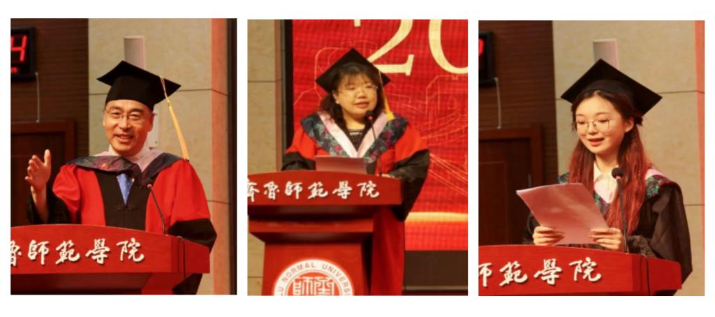 毕业典礼在庄严的国歌声中拉开序幕。学院团总支书记李炜琛、副书记王亚东作为2019级辅导员老师,带着满满的牵挂,向毕业生们送上深情祝福。师恩厚重,母校情深。2019级小学教育公费师范生班王浩霖作为毕业生代表发言,对学院和老师四年的培养与教导表达了衷心的感谢,并表示,未来将时刻牢记“博学明道崇德象贤”的校训,践行“学而不厌诲人不倦”的院训,不忘初心、砥砺奋进。
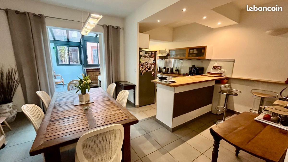 13005 Quartier Baille - Berceau à proximité du métro, au calme, superbe maison de ville rénovée, avec terrasse et garage moto/atelier. Belle maison atypique sur 2 niveaux , de 135m2 habitables disposée comme suit - voir plan en photo : au rez-de-chaussée d'un séjour - cuisine Us de 50M2 donnant sur véranda de 10M2, garage moto/atelier de 22M2 , bureau et wc. A l'étage : 4 superbes chambres, une salle d'eau, une salle de bains et wc indépendant. Une terrasse avec pergola allu de 32M2 et abris de jardin complète ce bien. La maison est équipée de doubles vitrages, volets roulants électriques, climatisation réversible. Toiture et isolation récente. Taxe foncière : 1 364€/an
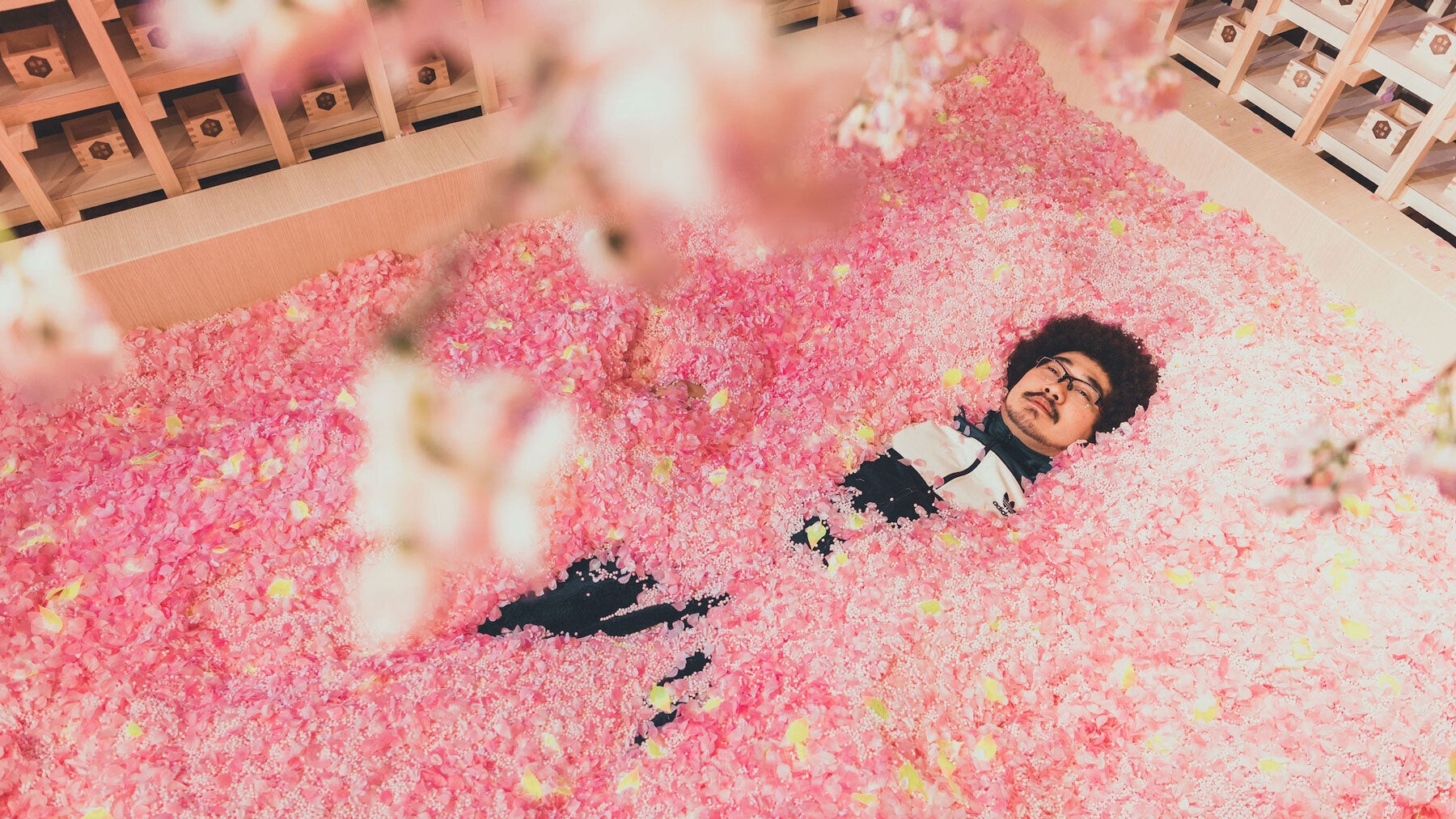 写真は、2018年から開催している、桜舞い散るチルアウトバー「SAKURA CHILL BAR by 佐賀」の桜プールに埋もれている様子です。
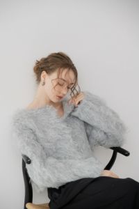 一目見て気に入り購入しました。ウェイブの毛並みが可愛くおしゃれで、ホワイトとグレーの2色のように見えてとても素敵です。ドルチェさんのパンツに合わせて着ています。 見た目以上に華やかさがあると思います。 -
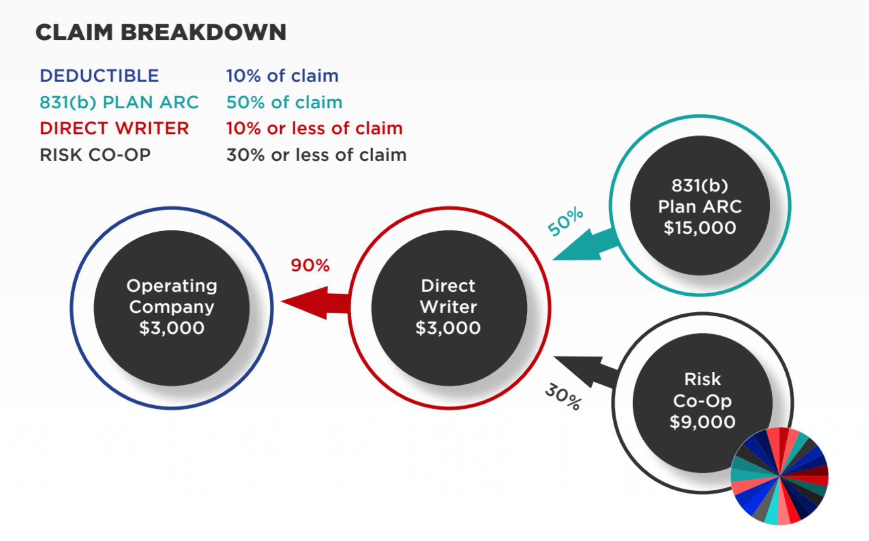 The outline below breaks down how Dr. Gutierrez’s $30,000 claim was paid by all parties, consisting of a deductible, his 831(b) Plan ARC, the direct writer, and the business interruption Risk Co-Op.
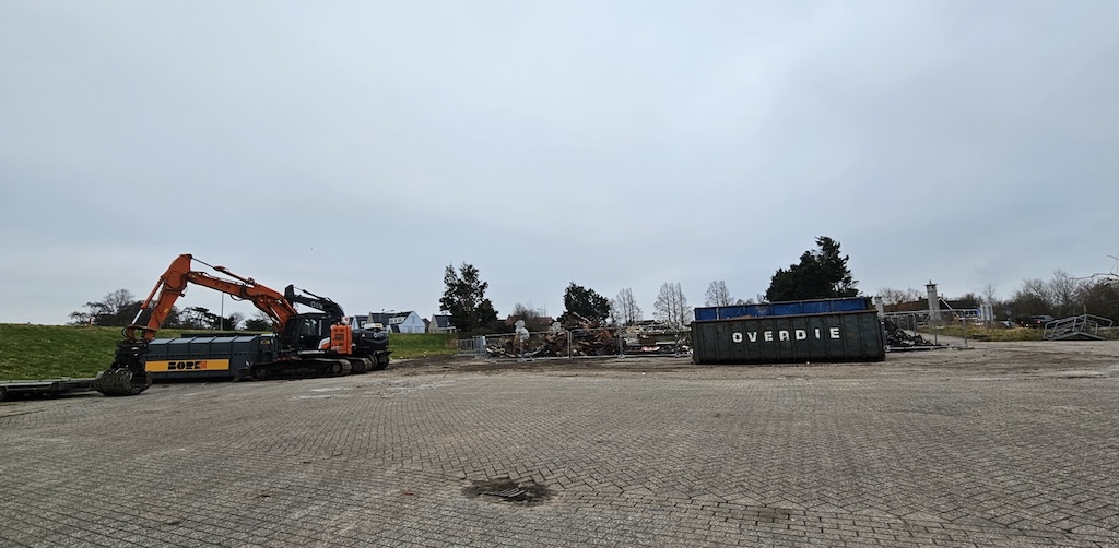 Voor het eerst sinds lange tijd is er weer zichtbaar werk bij de resten van de voormalige Wereldkeuken in Westzaan. Vorige week zijn slopers begonnen met het opruimen van wat er na de grote brand van april 2025 nog overeind stond.
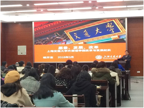 本次报告会的主题为“愿景、发展、改革”,胡开宝教授介绍了上海交通大学外国公司的改革发展举措;提出了明确目标、聚焦改革,引育并举、激发活力,注重内涵、定位精英,学科交叉、对接前沿,瞄准一流、追踪国际的办学方针;分析了要实现学科内涵式发展,推进世界一流大学及团队建设,需要充分调研,制定针对措施,明确改革目标,激发教师活力,实施综合改革,建立以制度激励为核心的管理体制。他提出,要依据团队建设目标引进人才,注重人才引进与团队建设相结合,重视学科梯队建设及学科可持续发展;要积极推进人才培养及科研工作改革,实现学科交叉,对接世界前沿,并充分发挥外语学科优势,广泛开展社会服务;还要与国际一流高校接轨,提升国际化办学水平,建设国际化学科平台,加强人才培养国际合作。
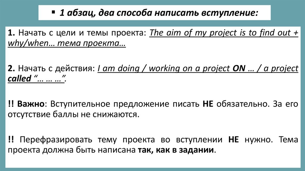 1 абзац, два способа написать вступление:1. Начать с цели и темы проекта: The aim of my project is to find out +
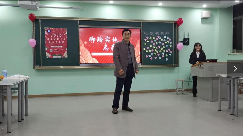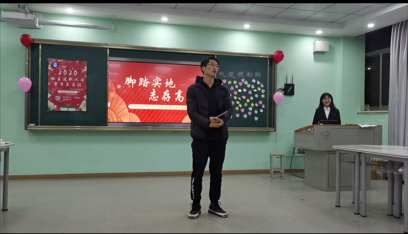 会计19305班辅导员陈家新走到台前,为每一个学生送上新年祝福,叮嘱大家放假后安全离校,做好个人防护,积极参加疫情防控志愿服务,过一个幸福的中国年。
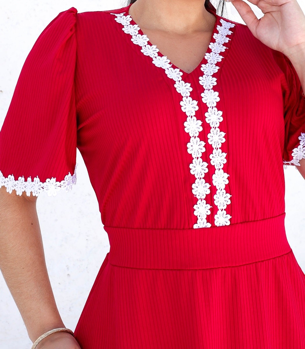 Possui um lindo acabamento em renda guipir na gola e nas mangas flare
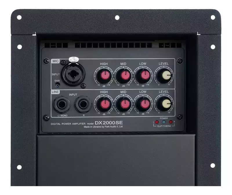 DX2000SE PFC - профессиональный встраиваемый двухканальный усилитель мощности (модуль) для стереокомплекта (активная + пассивная акустическая система) класса D с двумя линейными 1/4" JACK и микрофонным Combo XLR-1/4" JACK входами и опцией регулировки тембра (НЧ, ВЧ, СЧ).
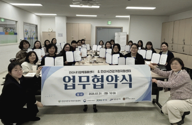 [NWS¹æ¼Û=Çѽ¸ñ ±âÀÚ]¾È»ê½Ã °Ç°°¡Á¤Áö¿ø¼¾ÅÍ´Â Áö³´Þ 31ÀÏ ¡®¾È»ê½Ã´ÙÇÔ²²µ¹º½¼¾ÅÍ¡¯¿Í ¾Æµ¿ µ¹º½ Áö¿ø°ú °¡Á·±â´É °È, °Ç°ÇÑ °¡Á·¹®È È®»êÀ» À§ÇÑ ¾÷¹« Çù¾àÀ» ü°áÇß´Ù°í 2ÀÏ ¹àÇû´Ù.
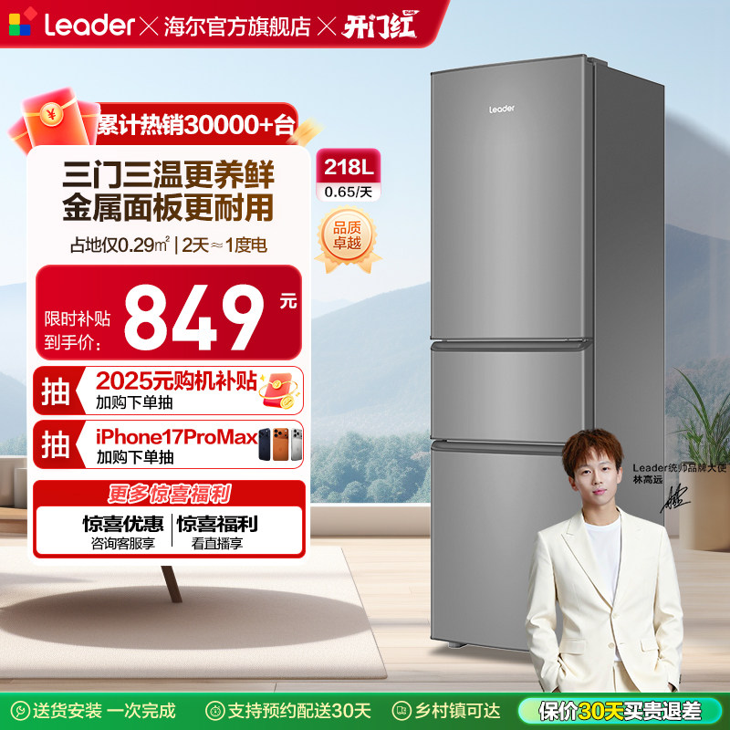 旗舰店政府补贴海尔出品统帅218L三门节能租房宿舍家用超薄小冰箱官方
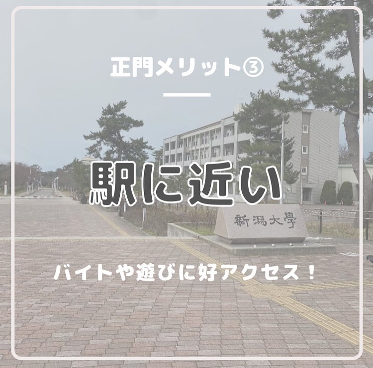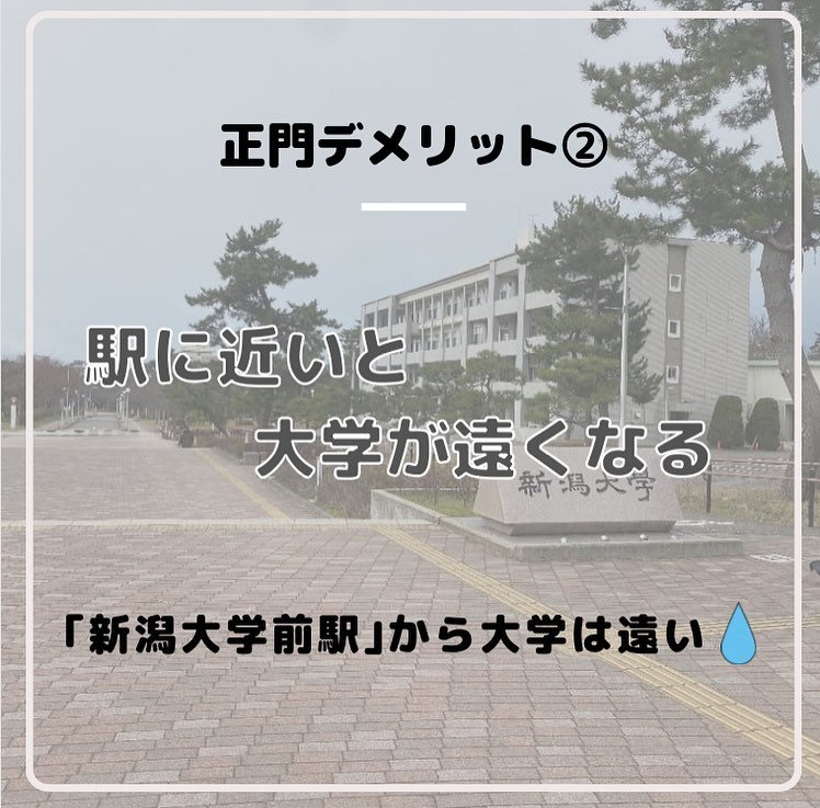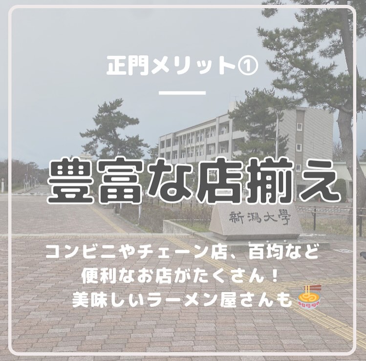 - 【現役新大生に聞く!新生活情報】 春から新大生のみなさん、ぜひアパート選びの参考にしてください 第2回目は”正門編”です! 〜メリット〜 ①『豊富な店揃え』 LAWSON、セブンイレブンなどのコンビニエンスストアはもちろん、すき家や松屋、Seria(百均)など様々なチェーン店が並んでいます!少し坂を下ればマクドナルドやカラオケまねきねこもあるので充実なぜかラーメン屋と薬局が特に多いです ②『自炊大変だよね…?』 朝と晩のご飯付きのでアパート多数栄養バランスの取れた日替わりのメニューでお腹いっぱいになれます自炊が面倒な時に助かること間違いなし! ③『駅に近い』 正門エリアは新潟大学前駅まで平均5~10分程度なので好アクセスなんです電車でバイトや遊びに行く時は遅刻しづらいかもしれません? 〜デメリット〜 ①『家賃が高い…』 利便性が高かったりご飯付きだったりする分、家賃は少し高めでもその分暮らしやすさはダントツです ②『駅に近いと大学が遠くなる』 大学から新潟大学前駅まで距離があるので駅に近いと大学が遠くなるというジレンマが?駅に近い人は少し早起きしないと遅刻しちゃうかも? 次回は“中門編“です!お楽しみに #

== Directions ==
Please copy the lines above, starting at the one that holds "会计19305班辅导员陈家新" and stopping after the last line, exactly as they appear and minus the pictures.

== Solution for this problem ==
 会计19305班辅导员陈家新走到台前,为每一个学生送上新年祝福,叮嘱大家放假后安全离校,做好个人防护,积极参加疫情防控志愿服务,过一个幸福的中国年。
 Possui um lindo acabamento em renda guipir na gola e nas mangas flare
 DX2000SE PFC - профессиональный встраиваемый двухканальный усилитель мощности (модуль) для стереокомплекта (активная + пассивная акустическая система) класса D с двумя линейными 1/4" JACK и микрофонным Combo XLR-1/4" JACK входами и опцией регулировки тембра (НЧ, ВЧ, СЧ).
 [NWS¹æ¼Û=Çѽ¸ñ ±âÀÚ]¾È»ê½Ã °Ç°°¡Á¤Áö¿ø¼¾ÅÍ´Â Áö³´Þ 31ÀÏ ¡®¾È»ê½Ã´ÙÇÔ²²µ¹º½¼¾ÅÍ¡¯¿Í ¾Æµ¿ µ¹º½ Áö¿ø°ú °¡Á·±â´É °È, °Ç°ÇÑ °¡Á·¹®È È®»êÀ» À§ÇÑ ¾÷¹« Çù¾àÀ» ü°áÇß´Ù°í 2ÀÏ ¹àÇû´Ù.
 旗舰店政府补贴海尔出品统帅218L三门节能租房宿舍家用超薄小冰箱官方
 - 【現役新大生に聞く!新生活情報】 春から新大生のみなさん、ぜひアパート選びの参考にしてください 第2回目は”正門編”です! 〜メリット〜 ①『豊富な店揃え』 LAWSON、セブンイレブンなどのコンビニエンスストアはもちろん、すき家や松屋、Seria(百均)など様々なチェーン店が並んでいます!少し坂を下ればマクドナルドやカラオケまねきねこもあるので充実なぜかラーメン屋と薬局が特に多いです ②『自炊大変だよね…?』 朝と晩のご飯付きのでアパート多数栄養バランスの取れた日替わりのメニューでお腹いっぱいになれます自炊が面倒な時に助かること間違いなし! ③『駅に近い』 正門エリアは新潟大学前駅まで平均5~10分程度なので好アクセスなんです電車でバイトや遊びに行く時は遅刻しづらいかもしれません? 〜デメリット〜 ①『家賃が高い…』 利便性が高かったりご飯付きだったりする分、家賃は少し高めでもその分暮らしやすさはダントツです ②『駅に近いと大学が遠くなる』 大学から新潟大学前駅まで距離があるので駅に近いと大学が遠くなるというジレンマが?駅に近い人は少し早起きしないと遅刻しちゃうかも? 次回は“中門編“です!お楽しみに #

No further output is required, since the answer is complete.